In your copy, each record should read exactly as it does below, and no pictures should be present.

(Items from a data source)

+ + + + +

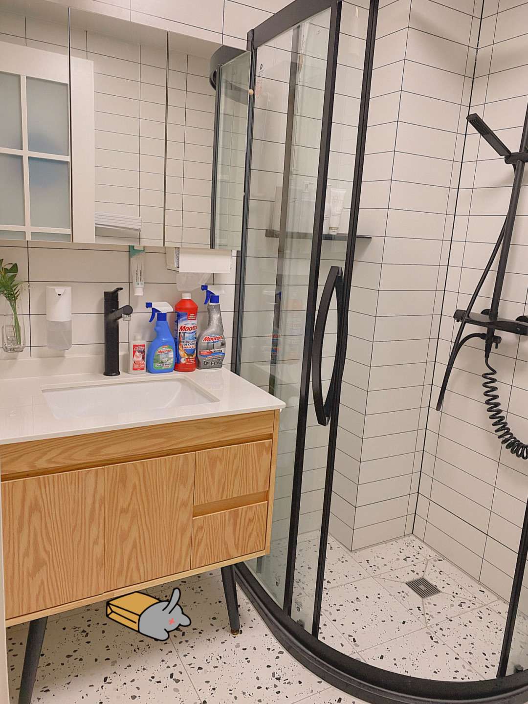 冰箱的側(cè)面也是一個(gè)很好的收納空間,很多常用的東西像廚房清潔劑和擦手巾以及磁吸式的廚房剪什么的都可以放~?衛(wèi)生間雖然也是只有3平多點(diǎn),還是做了干濕分離。
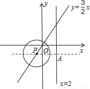 ∴当⊙P与直线x=2相切时,点P的坐标为(5,)或(-1,-);
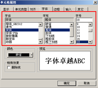 选取A1:F1区域,点击“格式/单元格”或单击鼠标右键,选择“单元格”栏目,系统弹出“单元格属性”窗口,选择“字体”页签,对表头文字的字体进行设置,设置完成后点“确定”按钮,退出单元格属性设置页面。字体属性页面如下图所示:
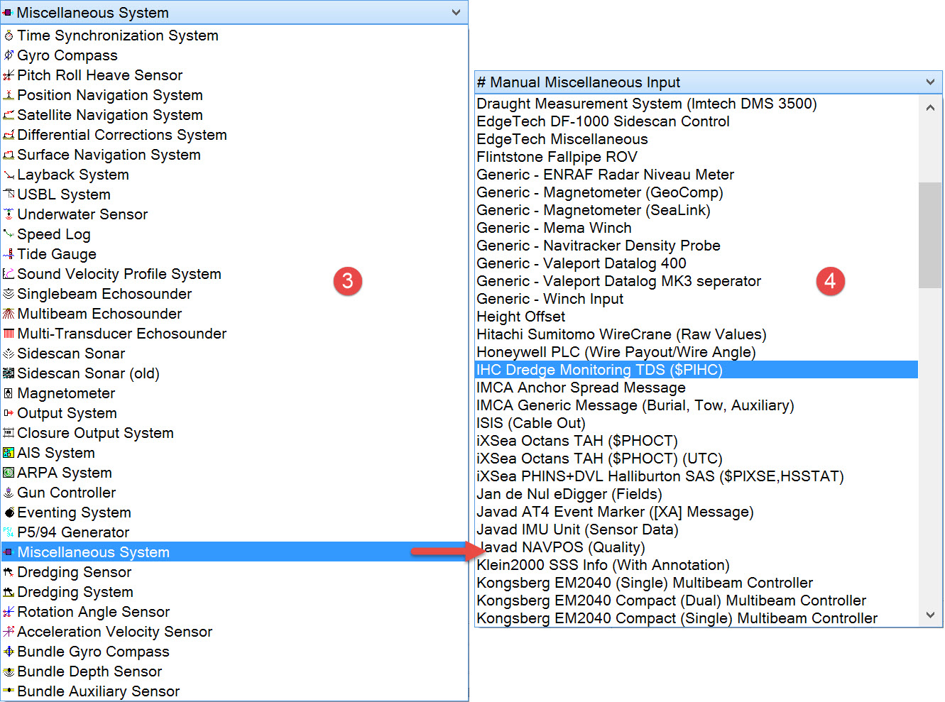 Various observations are definable under the Miscellaneous Systems category. For example: wind speed and direction, water temperature, TDS, water density, solid density.
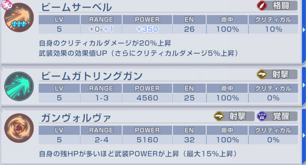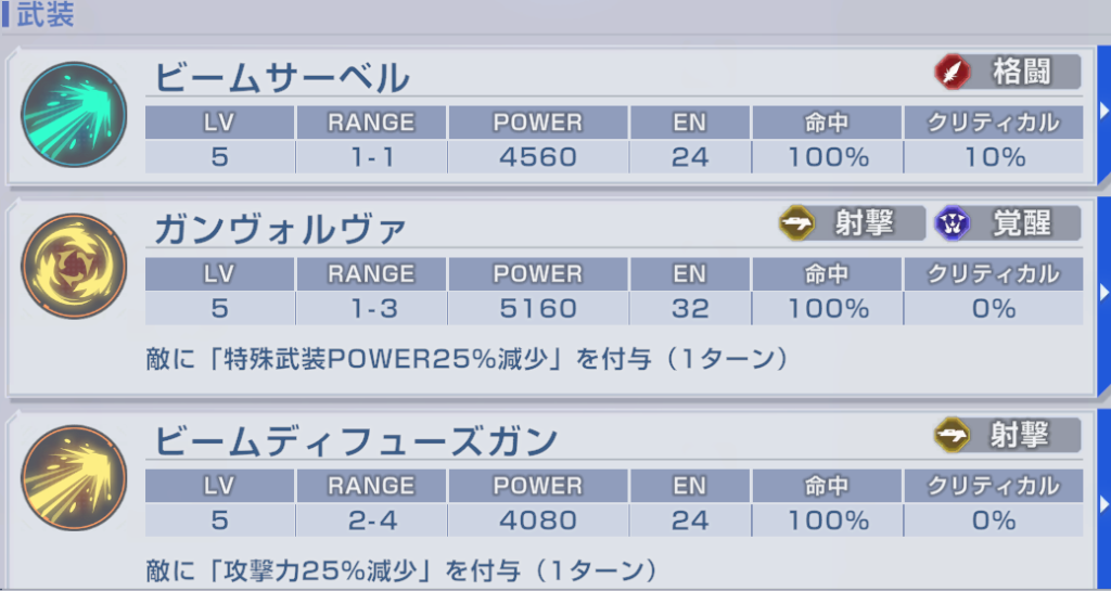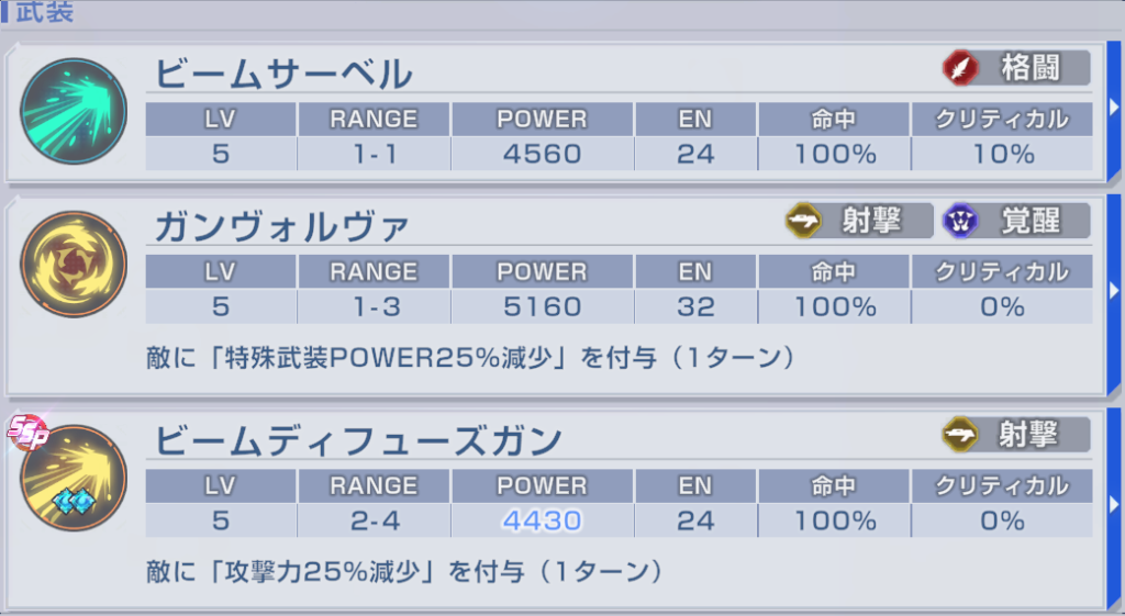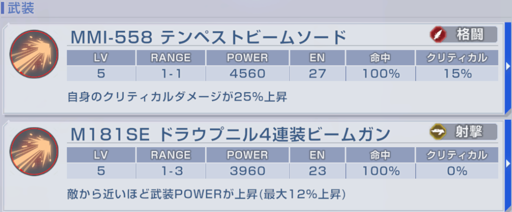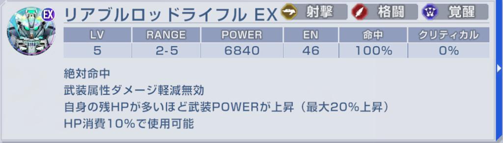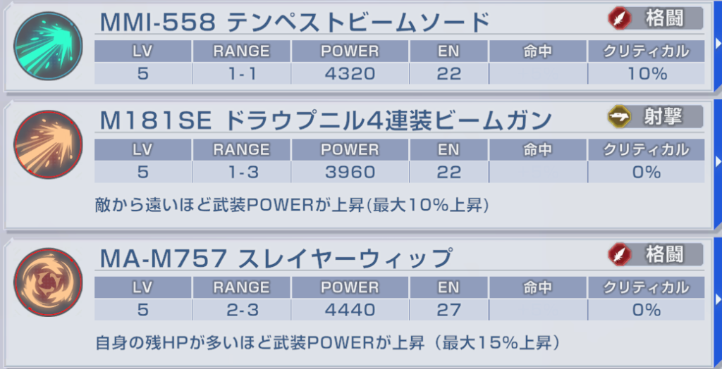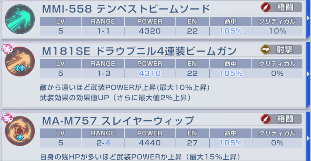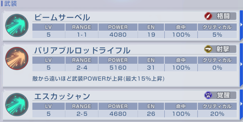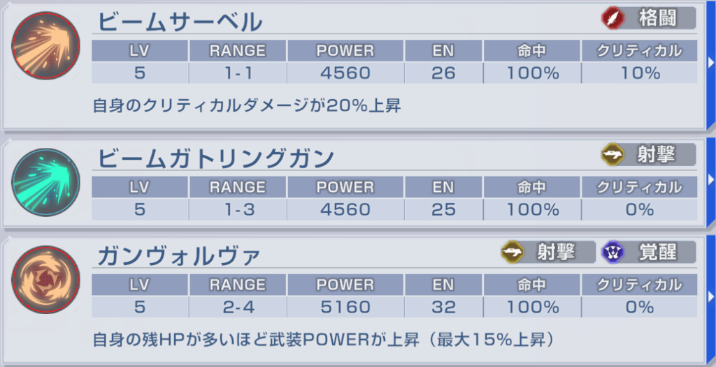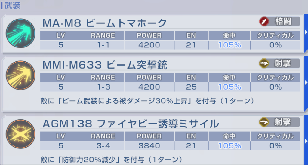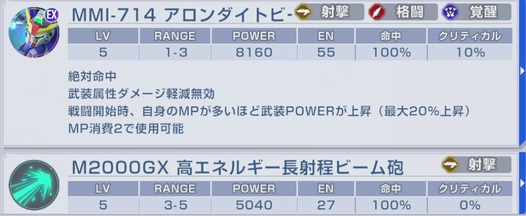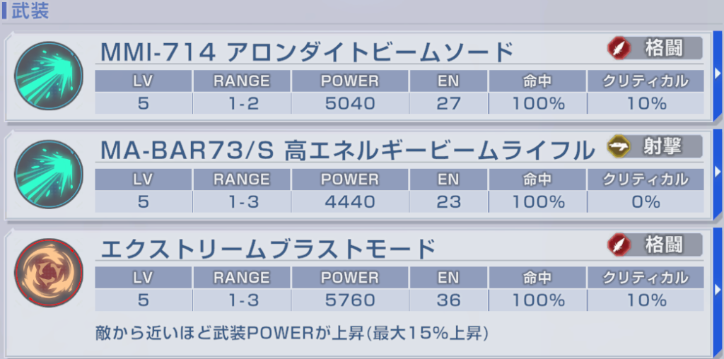 またEX武装だけでなく他の武装もほとんどが射程1をカバーできないので近距離戦が苦手
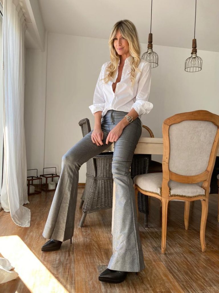 A este pantalón, Sole le sumó una camisa blanca básica y un par de botas con taco aguja. El pantalón y la camisa son de De la Ostia y le sumó al look una pulsera de UNOde50.

+ + + + +

Finished task:
 冰箱的側(cè)面也是一個(gè)很好的收納空間,很多常用的東西像廚房清潔劑和擦手巾以及磁吸式的廚房剪什么的都可以放~?衛(wèi)生間雖然也是只有3平多點(diǎn),還是做了干濕分離。
 ∴当⊙P与直线x=2相切时,点P的坐标为(5,)或(-1,-);
 选取A1:F1区域,点击“格式/单元格”或单击鼠标右键,选择“单元格”栏目,系统弹出“单元格属性”窗口,选择“字体”页签,对表头文字的字体进行设置,设置完成后点“确定”按钮,退出单元格属性设置页面。字体属性页面如下图所示:
 Various observations are definable under the Miscellaneous Systems category. For example: wind speed and direction, water temperature, TDS, water density, solid density.
 またEX武装だけでなく他の武装もほとんどが射程1をカバーできないので近距離戦が苦手
 A este pantalón, Sole le sumó una camisa blanca básica y un par de botas con taco aguja. El pantalón y la camisa son de De la Ostia y le sumó al look una pulsera de UNOde50.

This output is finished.